The line with "9Badigeonnez chaque tortilla" through the last line of the entries: give these again exactly, and only these, without any pictures.

(Beginning of Source data)

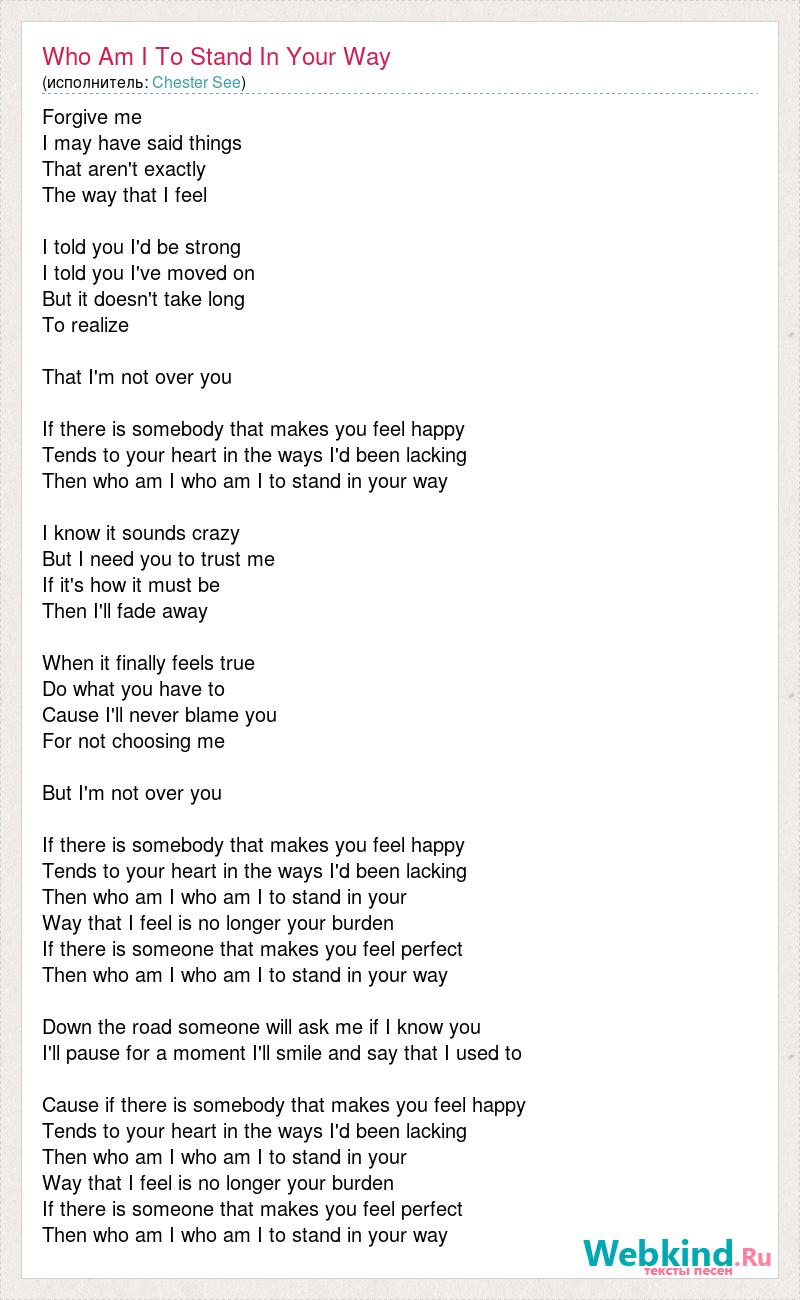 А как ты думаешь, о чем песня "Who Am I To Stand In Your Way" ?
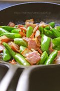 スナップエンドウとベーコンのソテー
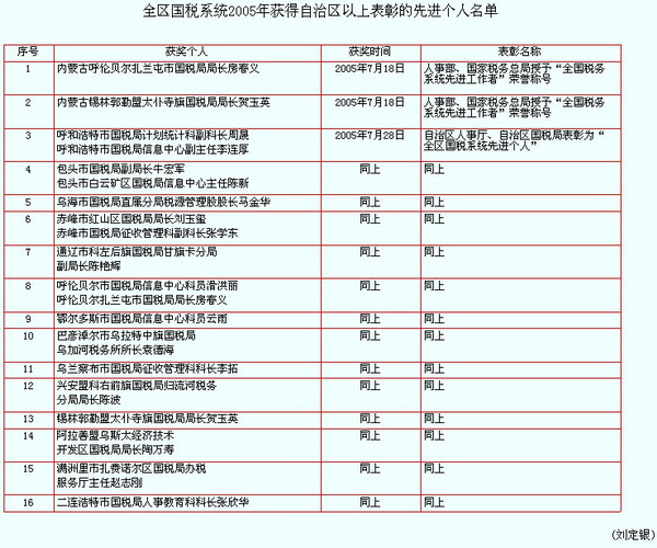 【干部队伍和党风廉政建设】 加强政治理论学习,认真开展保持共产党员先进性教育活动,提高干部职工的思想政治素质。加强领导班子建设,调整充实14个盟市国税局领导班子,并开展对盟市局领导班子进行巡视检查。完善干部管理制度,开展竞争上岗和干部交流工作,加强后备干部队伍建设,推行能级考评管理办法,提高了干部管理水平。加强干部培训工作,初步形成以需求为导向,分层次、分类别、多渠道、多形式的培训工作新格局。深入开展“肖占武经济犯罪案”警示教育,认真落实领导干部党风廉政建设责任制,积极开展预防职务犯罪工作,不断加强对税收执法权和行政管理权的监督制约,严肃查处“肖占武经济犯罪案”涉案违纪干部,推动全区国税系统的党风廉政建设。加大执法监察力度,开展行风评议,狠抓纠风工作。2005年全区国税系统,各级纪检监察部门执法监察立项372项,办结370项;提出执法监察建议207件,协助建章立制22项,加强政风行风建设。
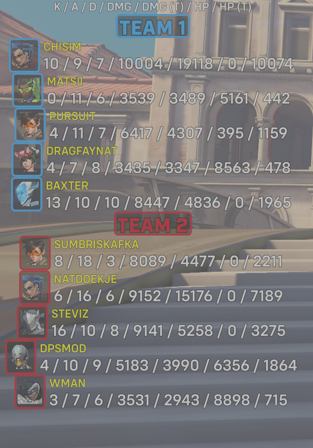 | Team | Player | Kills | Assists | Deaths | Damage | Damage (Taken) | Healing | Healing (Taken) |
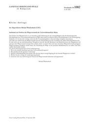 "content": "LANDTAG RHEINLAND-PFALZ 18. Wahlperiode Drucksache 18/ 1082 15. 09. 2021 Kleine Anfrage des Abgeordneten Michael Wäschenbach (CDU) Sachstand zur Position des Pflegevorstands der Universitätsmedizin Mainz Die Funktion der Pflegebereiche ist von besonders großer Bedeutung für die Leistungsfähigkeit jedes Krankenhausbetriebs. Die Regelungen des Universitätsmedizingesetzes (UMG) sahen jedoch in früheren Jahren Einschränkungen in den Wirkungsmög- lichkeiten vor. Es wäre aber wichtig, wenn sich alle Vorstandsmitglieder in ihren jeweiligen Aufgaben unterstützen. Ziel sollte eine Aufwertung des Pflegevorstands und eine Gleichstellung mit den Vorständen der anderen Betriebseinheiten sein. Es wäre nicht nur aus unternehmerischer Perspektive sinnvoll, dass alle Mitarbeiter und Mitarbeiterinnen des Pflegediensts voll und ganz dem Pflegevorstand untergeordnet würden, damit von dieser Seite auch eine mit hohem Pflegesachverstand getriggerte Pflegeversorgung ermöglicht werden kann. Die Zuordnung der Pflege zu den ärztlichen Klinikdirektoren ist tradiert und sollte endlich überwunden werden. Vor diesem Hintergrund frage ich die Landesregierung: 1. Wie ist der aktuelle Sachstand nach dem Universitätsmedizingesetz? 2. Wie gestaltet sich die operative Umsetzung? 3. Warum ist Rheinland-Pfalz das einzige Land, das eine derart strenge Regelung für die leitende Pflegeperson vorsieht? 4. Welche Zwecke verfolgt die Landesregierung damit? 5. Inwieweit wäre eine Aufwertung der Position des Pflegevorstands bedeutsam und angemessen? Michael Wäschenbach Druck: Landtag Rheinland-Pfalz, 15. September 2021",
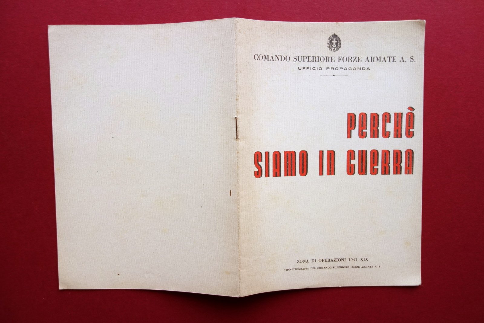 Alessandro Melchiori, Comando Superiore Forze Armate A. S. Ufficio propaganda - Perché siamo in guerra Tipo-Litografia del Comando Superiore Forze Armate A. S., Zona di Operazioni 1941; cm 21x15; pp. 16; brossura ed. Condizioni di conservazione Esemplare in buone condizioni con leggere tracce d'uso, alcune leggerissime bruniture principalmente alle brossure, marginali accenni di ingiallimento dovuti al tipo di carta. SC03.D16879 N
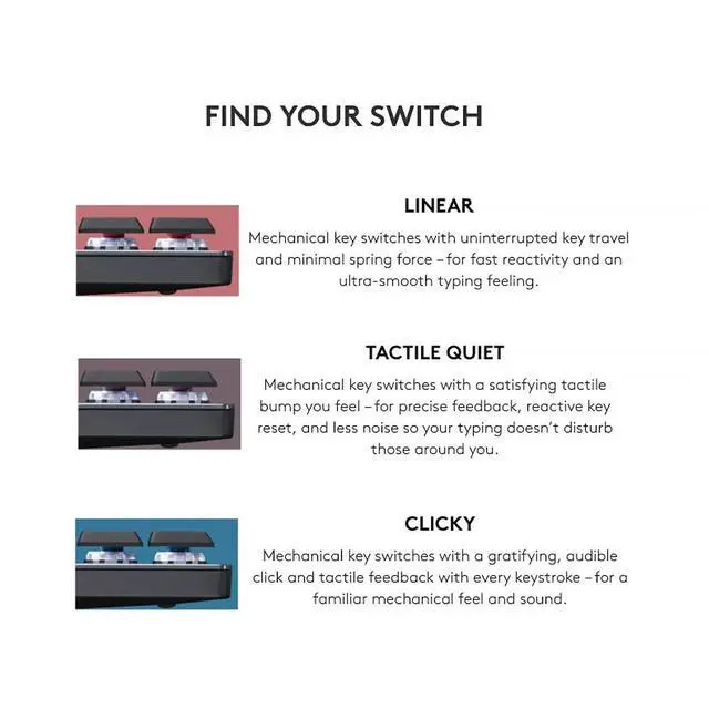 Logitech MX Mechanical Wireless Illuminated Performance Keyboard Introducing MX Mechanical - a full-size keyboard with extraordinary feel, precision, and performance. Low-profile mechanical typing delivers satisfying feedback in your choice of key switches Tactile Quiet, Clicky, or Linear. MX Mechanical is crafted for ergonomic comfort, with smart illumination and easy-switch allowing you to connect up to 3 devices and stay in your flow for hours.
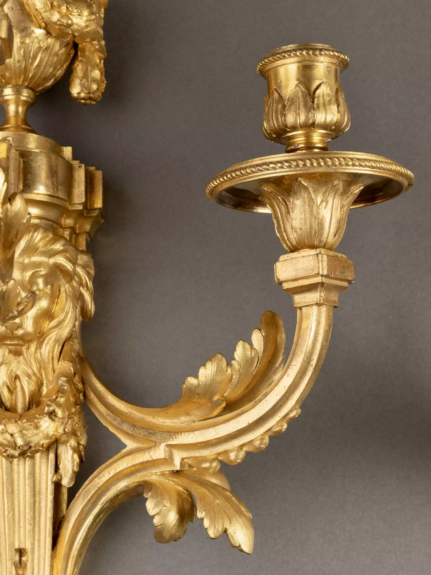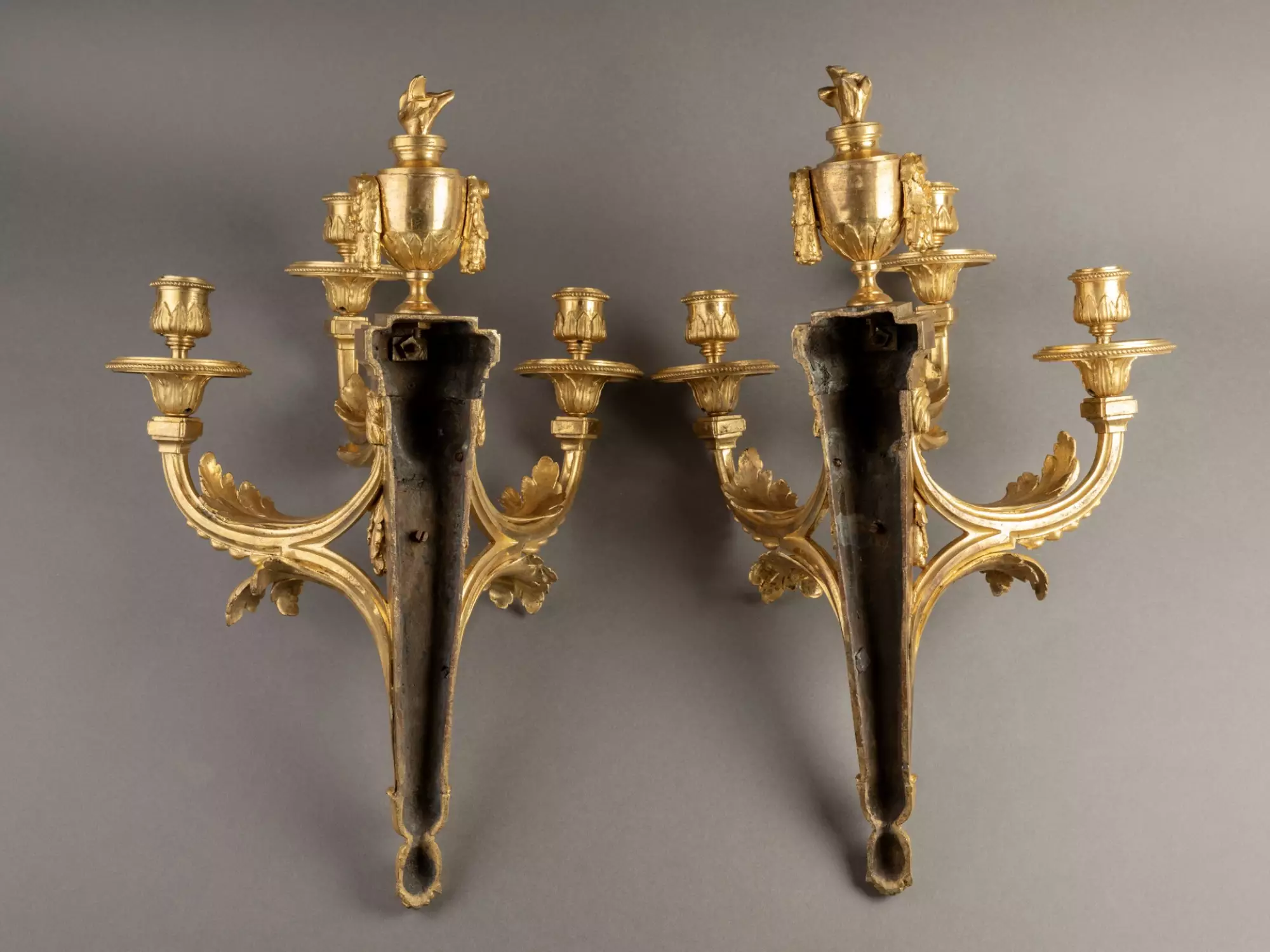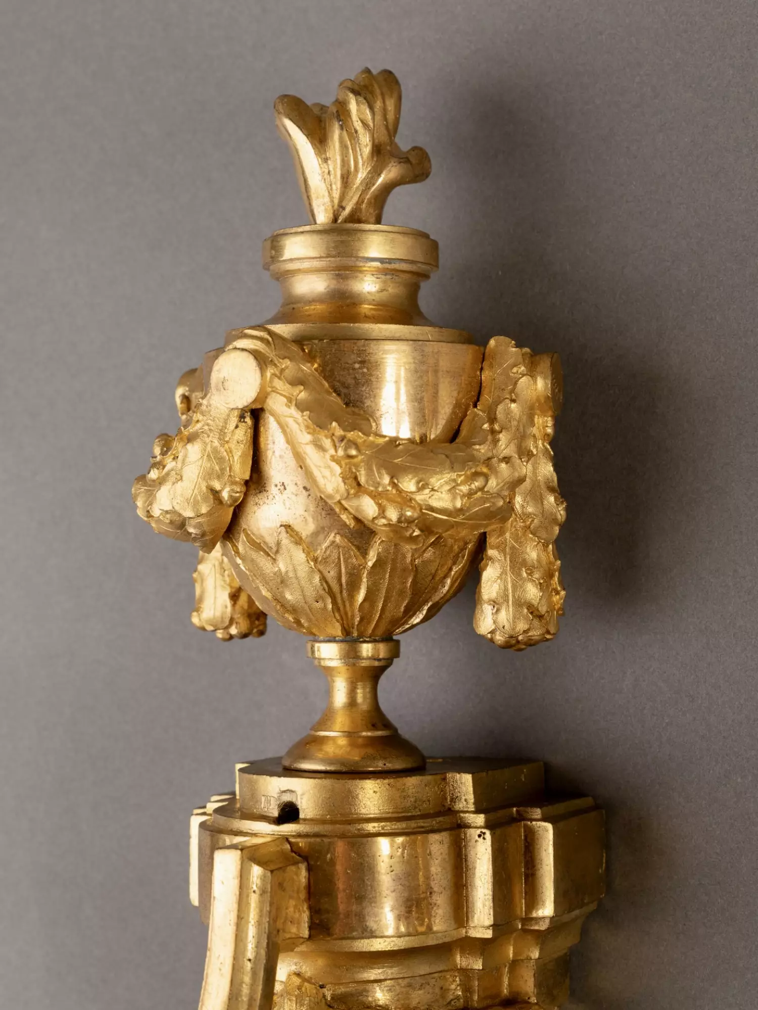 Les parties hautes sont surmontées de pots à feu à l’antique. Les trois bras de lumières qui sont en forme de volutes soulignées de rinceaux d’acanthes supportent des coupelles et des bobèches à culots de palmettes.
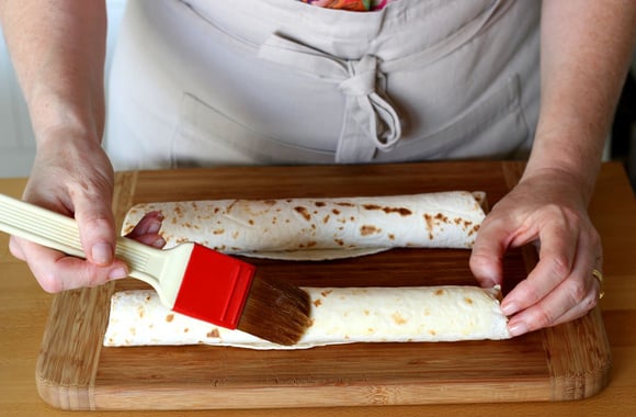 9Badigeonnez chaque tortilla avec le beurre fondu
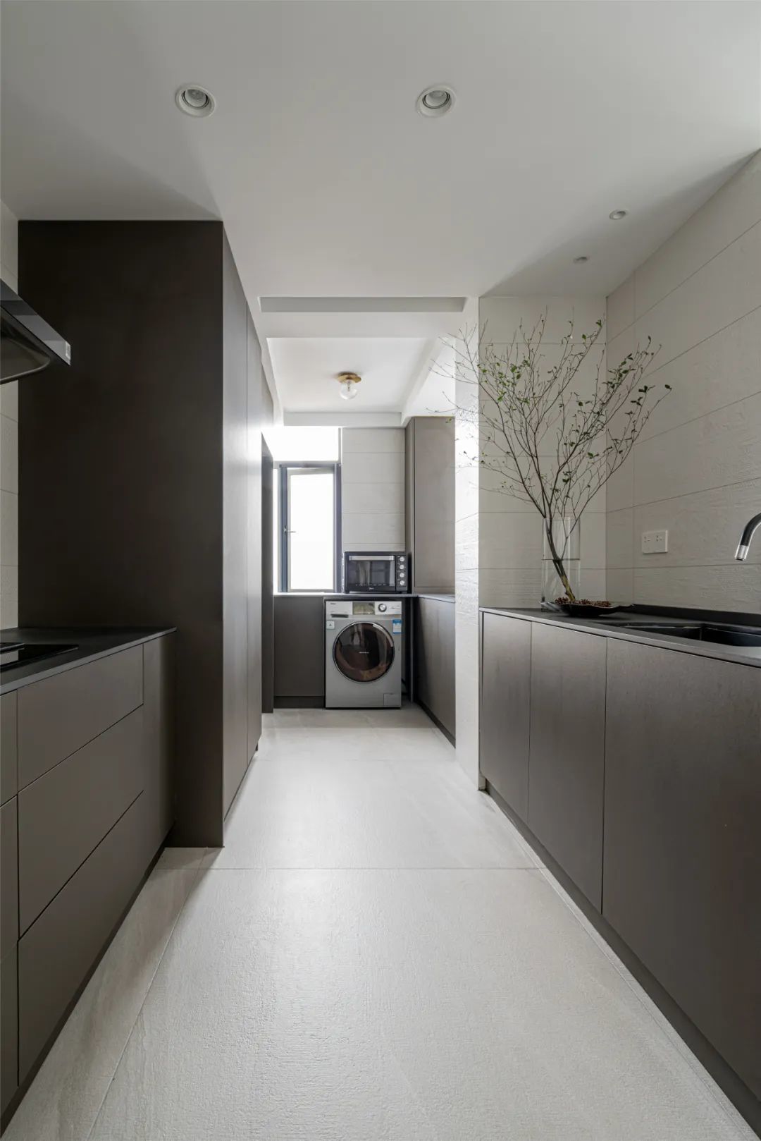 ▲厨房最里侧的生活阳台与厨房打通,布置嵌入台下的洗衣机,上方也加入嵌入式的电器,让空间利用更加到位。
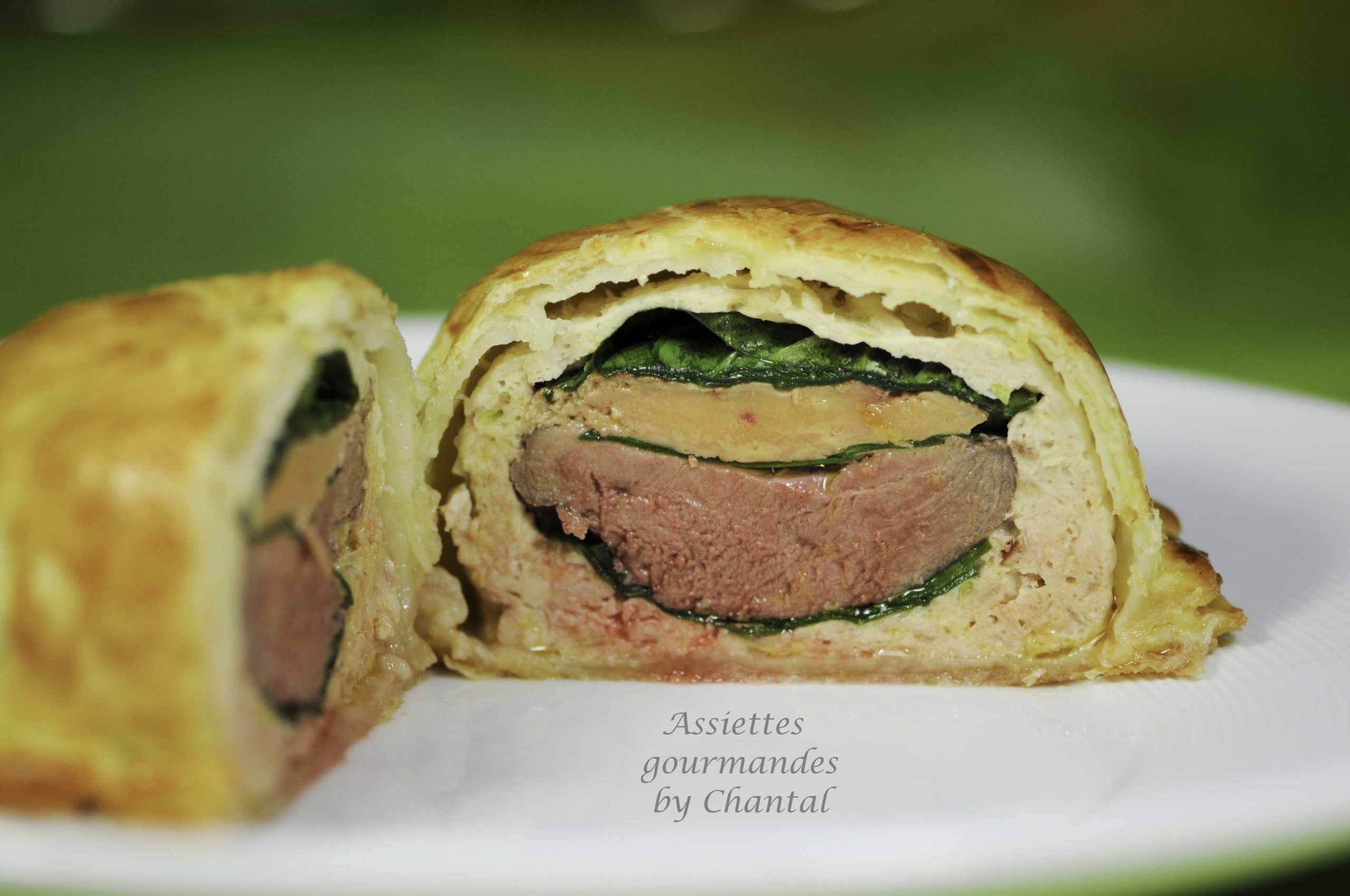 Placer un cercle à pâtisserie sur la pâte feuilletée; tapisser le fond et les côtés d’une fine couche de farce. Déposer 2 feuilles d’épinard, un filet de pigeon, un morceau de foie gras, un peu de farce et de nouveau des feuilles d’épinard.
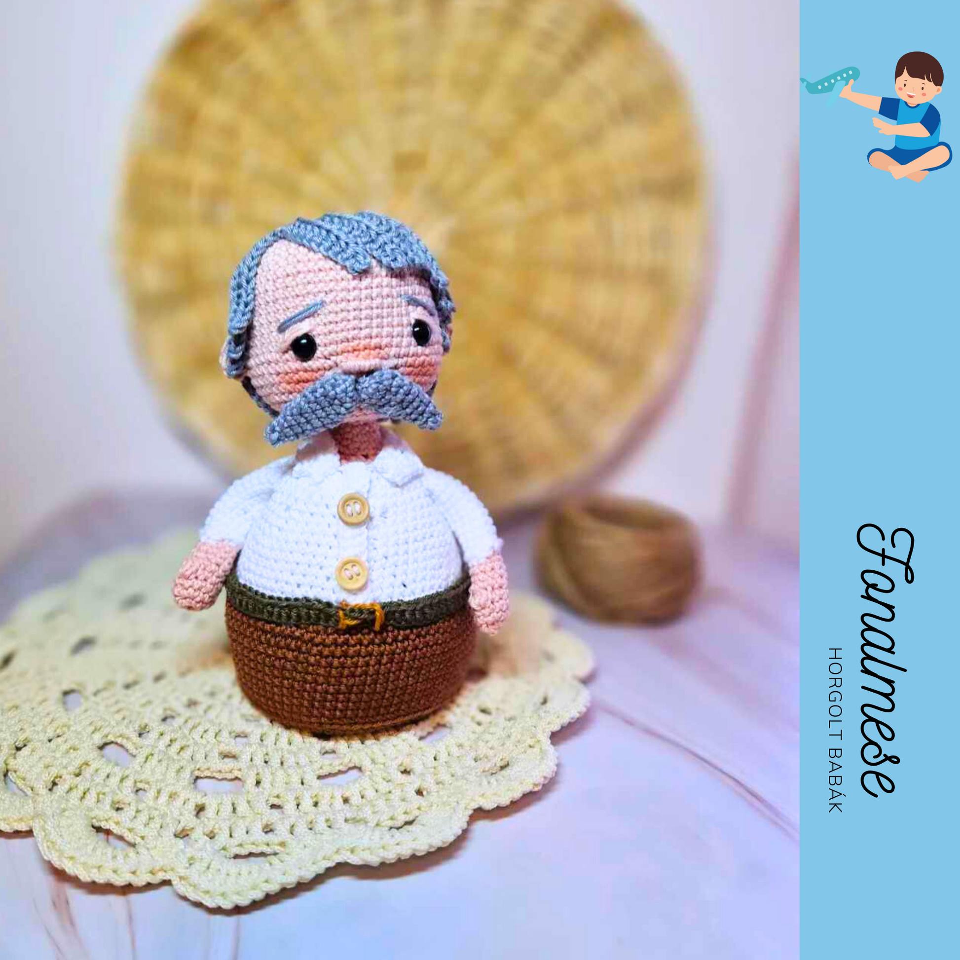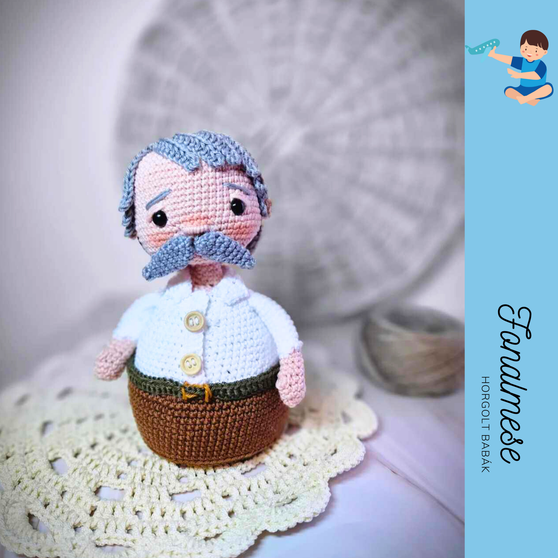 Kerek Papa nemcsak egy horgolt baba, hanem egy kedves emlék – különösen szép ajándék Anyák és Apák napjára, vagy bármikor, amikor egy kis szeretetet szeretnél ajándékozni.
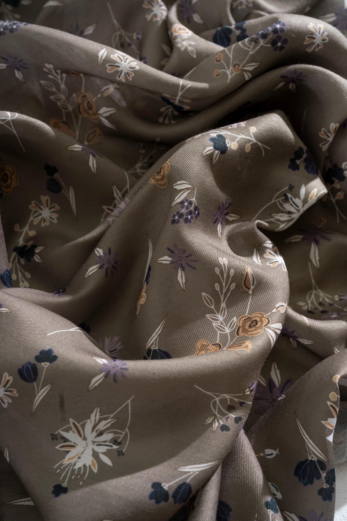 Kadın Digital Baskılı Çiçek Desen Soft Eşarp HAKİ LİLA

(End of Source data)

### Solution to this exercise
 9Badigeonnez chaque tortilla avec le beurre fondu
 ▲厨房最里侧的生活阳台与厨房打通,布置嵌入台下的洗衣机,上方也加入嵌入式的电器,让空间利用更加到位。
 Placer un cercle à pâtisserie sur la pâte feuilletée; tapisser le fond et les côtés d’une fine couche de farce. Déposer 2 feuilles d’épinard, un filet de pigeon, un morceau de foie gras, un peu de farce et de nouveau des feuilles d’épinard.
 Kerek Papa nemcsak egy horgolt baba, hanem egy kedves emlék – különösen szép ajándék Anyák és Apák napjára, vagy bármikor, amikor egy kis szeretetet szeretnél ajándékozni.
 Kadın Digital Baskılı Çiçek Desen Soft Eşarp HAKİ LİLA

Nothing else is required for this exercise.